If, like me, you are curious about the world around you and enjoy problem solving, all of the data being collected represents a huge opportunity to improve communities and organizations all over the world.
The science of data
Introduction to Data Science is a Cisco Networking Academy primer course that I and a team of learning scientists created to help anyone get their feet wet in the data science field. On our mobile-first' Skills for All learning platform, you can learn about data science at a high level in an intuitive and interactive manner for free.
In the entertainment industry, data science is responsible for classification algorithms that assist viewers in finding videos that they enjoy. The algorithms serve up recommendations based on their profile, including what videos they've watched and what other customers with similar tastes have watched.
Your smartphone's fitness app, or fitness tracker, collects data that is fed into an application that can provide you with valuable health information. These apps must build a model of your movements to identify what constitutes taking a step and the distance you cover with each one in order to calculate how many steps you take per day or the distance you walk. Some fitness trackers even employ self-learning artificial intelligence (AI) software capable of recognizing and adapting to a wide range of movements and learning new fitness activities based on repetitive, cyclical patterns.

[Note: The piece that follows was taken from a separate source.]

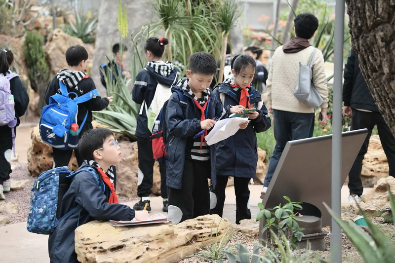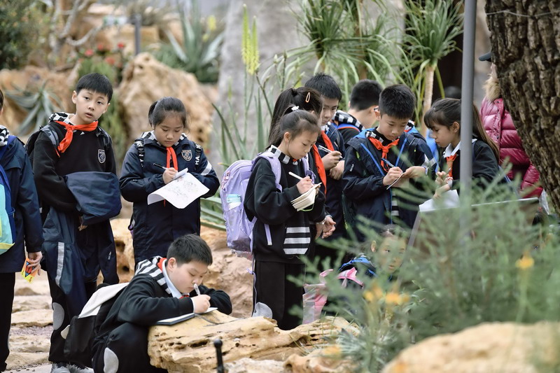 下午,全体师生有序进入温室花园。这座大型生态温室包含海市沙洲、云上森林、云雾峡谷三大主题场馆,汇集了种类丰富的热带植物、沙漠绿植、雨林花卉与奇花异草。在老师的引导下,同学们安静有序地参观游览,仔细观察植物的形态特征、生长环境,认真记录所见所感,用笔描绘细节、积累素材,将眼前的自然美景转化为游记习作的鲜活内容。

In agriculture, farmers use cellphones to send images of plant diseases to researchers. These images are used in image recognition systems to diagnose diseases, and algorithms are then used to predict future outbreaks when combined with environmental data regression.
In medicine, researchers created a machine learning model that uses probability to classify breast cancer images from medical histopathology. This method could eventually detect cancer subtypes and classify benign and malignant tissue.
Data science is a powerful tool for good, and these are only a few examples of how it can be used. On the surface, the cost of data privacy may appear to be an impediment to the potential advances brought about by data science. Data privacy, on the other hand, grants data scientists social license to use that tool responsibly. Everyone benefits.